The effect described above is essentially due to the conical formation of the stem 202. The deflection of the front core 130 with the breaking away of the stem 202 at the fracture zone 1 results in the avertence in the direction of the surface normal of the armor plate. During further penetration of the front penetrator into the target, the avertence of the remaining penetrator is achieved in that the stem 202, due to its now greater diameter, at first counteracts the pressure of the respective region of the frustoconical rear surface 162 on the front face 172 with greater resistance; allowing, then, after the breaking of the stem, for the full effect of the averting force. The process at the fracture zone 3 is analogous to the above process, such that the main penetrator 190 can now become fully effective against the target at a favorable angle.
The penetration capacity is improved in the above described process against very heavy single plate armor targets. With laminated armor said process is at least repeated at every heavy plate. Thereby the front cores of the front penetrator 10 can be made to correspond in number, in accordance with the materials used and the length of said cores, and thus also according to their respective masses, with the respective masses and number of each separate target plate.

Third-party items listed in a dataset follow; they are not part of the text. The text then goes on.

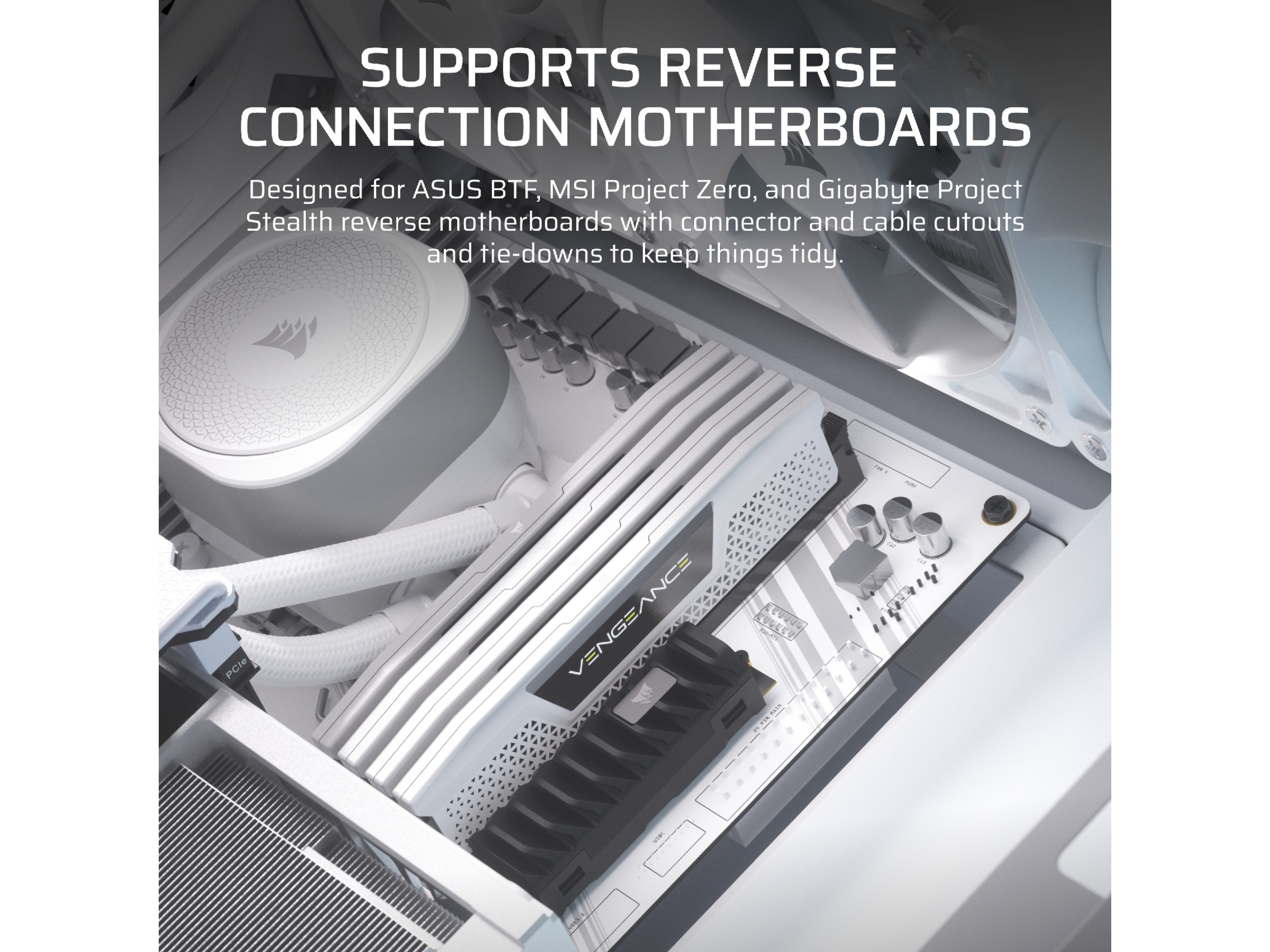 Befria dig från begränsningarna för traditionell PC-byggnad med CORSAIR FRAME 4000D RS ARGB, med det innovativa FRAME Modular Case System för att perfekt anpassa din konstruktion. Inkluderar 3x CORSAIR RS ARGB PWM-fläktar med seriekopplade 4-stiftskontakter, åtta lysdioder per fläkt och +5V ARGB moderkortskontroll. InfiniRail™ monteringssystem förenklar fläktinstallationen, stöder dubbla 360 mm radiatorer och en 3D Y-mönster Airflow frontpanel för optimal kylning. Den ökade bredden och längden säkerställer kompatibilitet med kraftfulla grafikkort och kylningsalternativ, med stöd för moderkort med omvänd anslutning. Vi tillhandahåller ramen. Du skapar konsten.
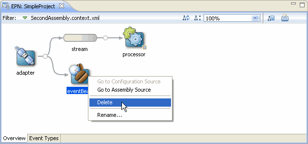 注意: bean または他の匿名要素を削除すると、そのオブジェクトを含むオブジェクトも削除されます。たとえば、bean がwlevs:listener 要素内にある場合、bean を削除すると、listener 要素も削除されます。 |
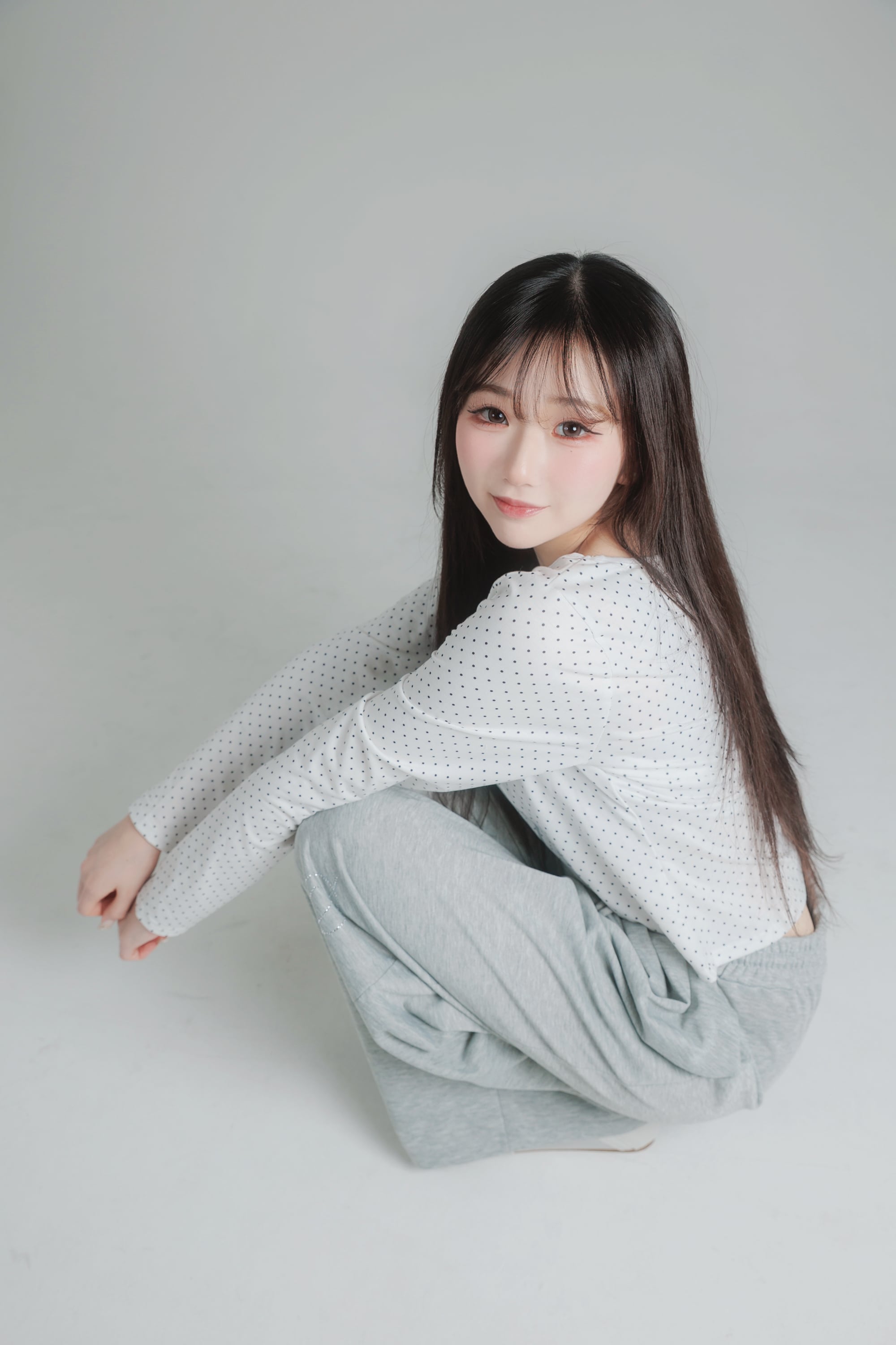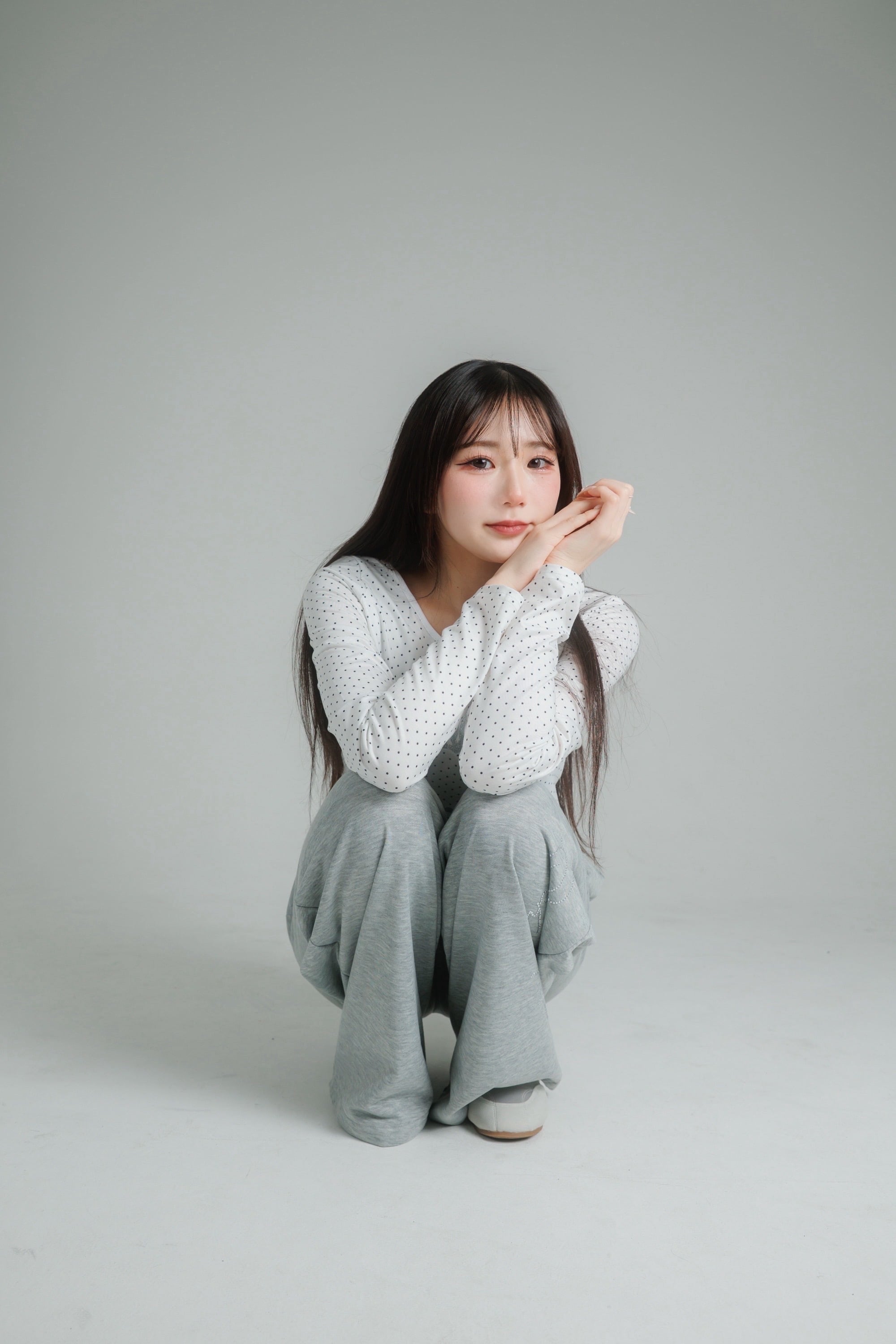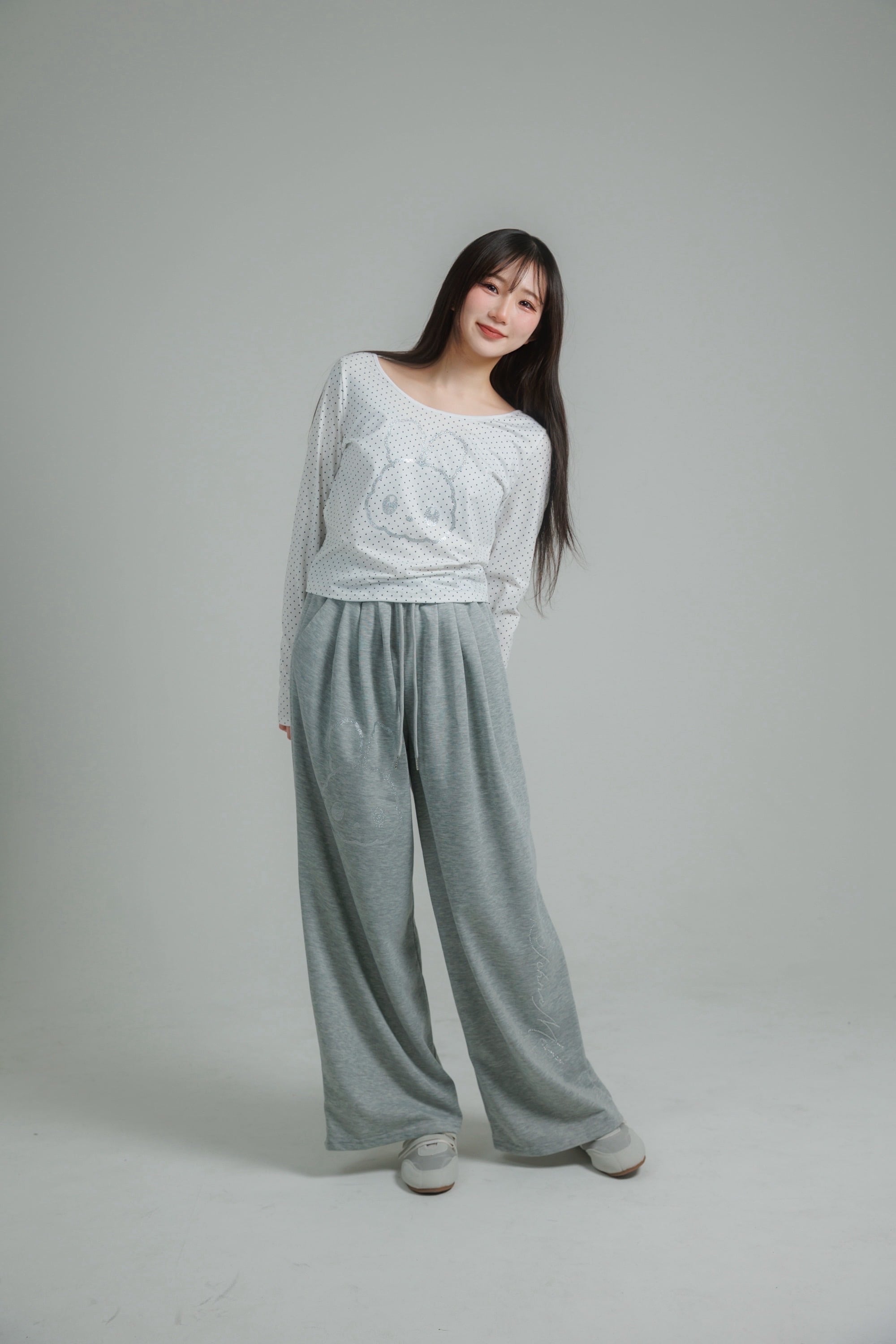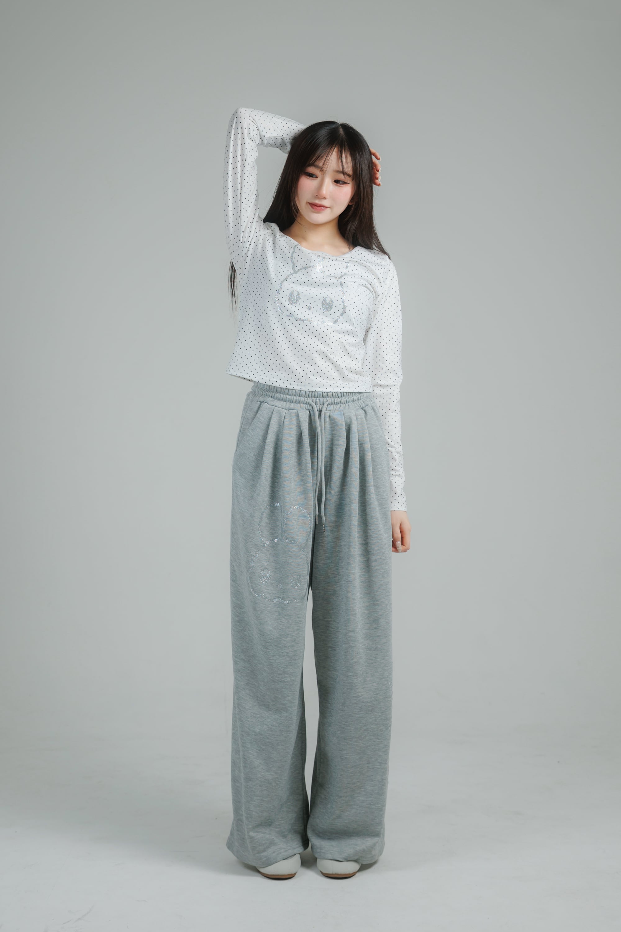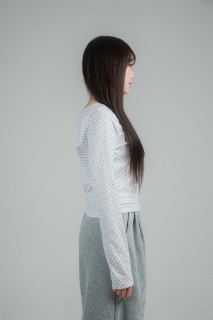 繊細なドット柄に、きらっと輝くグリッターのうさぎモチーフを重ねたロングスリーブトップス。
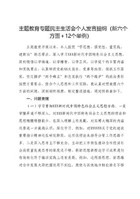 书记主题教育专题民主生活会个人发言提纲(新六个方面+12个举例).docx
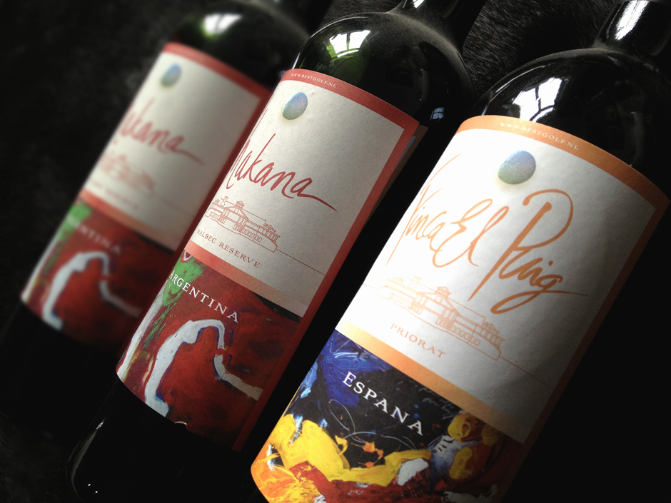 Uit een aantal werken van Antonie de Rooij, zijn wijnetiketten ontworpen voor de exclusieve wijnen die bij restaurant Dimples op BestGolf geschonken worden.
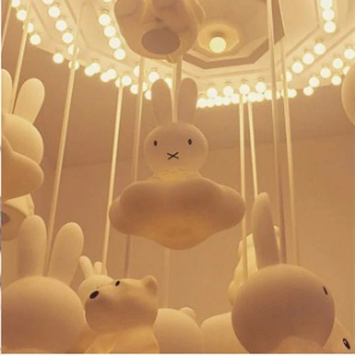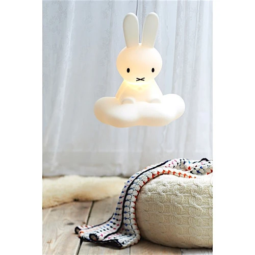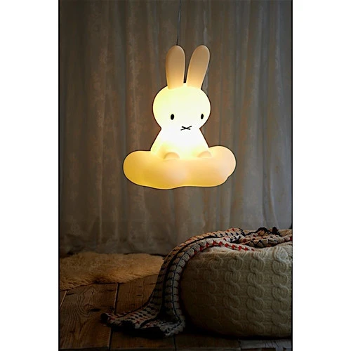 Le lapin Miffy en lampe ‘plafonnier’. Cette lampe design convient parfaitement à éclairer une chambre d’enfant. Cable de 1,5m, ampoule économique intégrée.
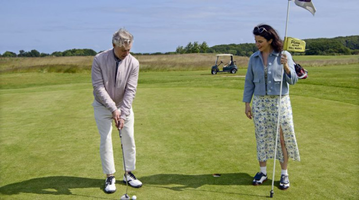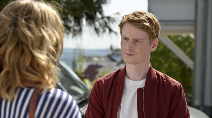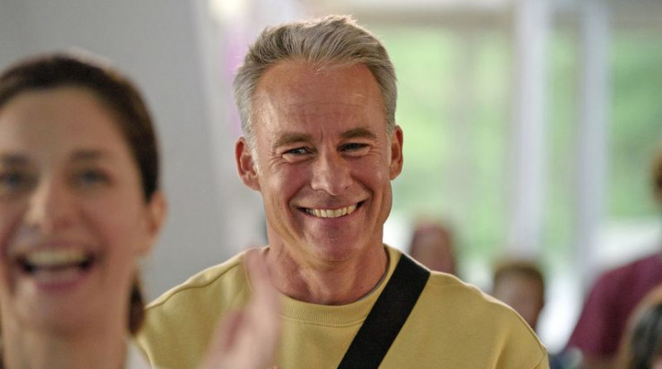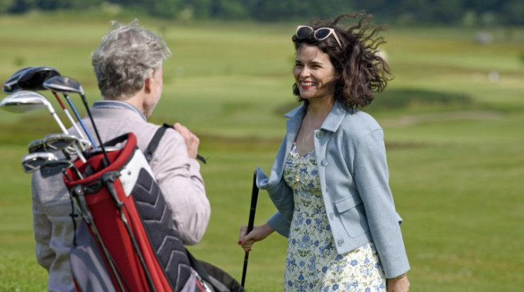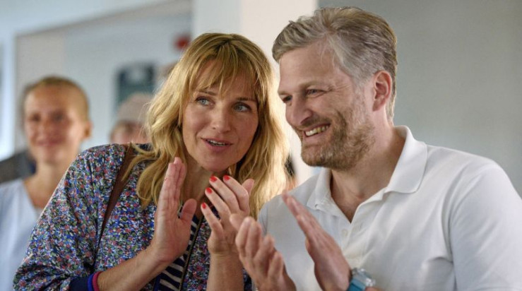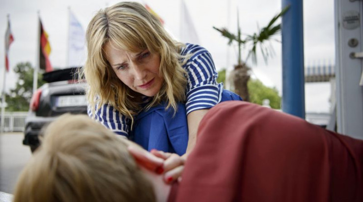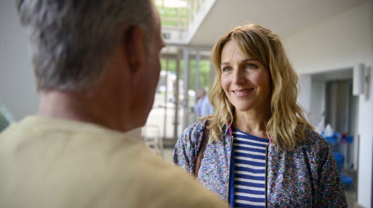 Nora Kaminski (Tanja Wedhorn, li.) und Peer Kaminski (Dirk Borchardt) verabschieden sich von Sophie Trafeur (Maxine Kazis, re.) vor dem Hotel
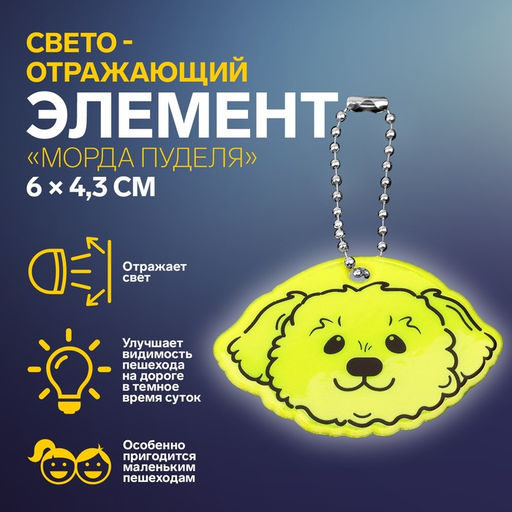 • Цена за 6 шт. Светоотражающий элемент «Морда пуделя», двусторонний, 6×4.3 см, МИКС
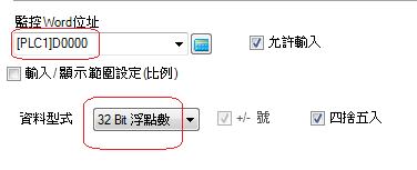 觸摸屏上選擇數據類型32位浮點數,32-bit Float

Due to the deflection of each front core of the front penetrator 10, as described, an enlargement in the penetration opening of the respective target plate results over against the diameter of the penetrator. This proves to be beneficial for the subsequently following penetrator part--particularly with newly developed targets, i.e. with glass and/or ceramic module--in that it improves the passage through the respective plate and, therefore, improves its effect against subsequently arranged target plates.
The main core 212 and the front cores 130, 150, 170, as well as the casing 110, all consist of a ductile high density heavy metal. This may be, for example, a sintered alloy with approximately 90% to 98% tungsten, up to 3.5% nickel and up to 1.5% Fe and, if necessary, another 1% Co. Thereby, the large toughness, meaning the ductility, is achieved through the large percentages of Ni, Fe and Co. Moreover, the properties can be improved through a corresponding heat treatment after sintering. The ballistic hood consists of steel and shatters immediately upon impact with the initial armor. Depleted uranium can also be used instead of a tungsten alloy as ductile high density heavy metal. The density must be at least 18 g/cm3.
While there has been described a particular embodiment of the invention, it will be apparent to those skilled in the art that variations may be made thereto without departing from the spirit and scope of the appended claims.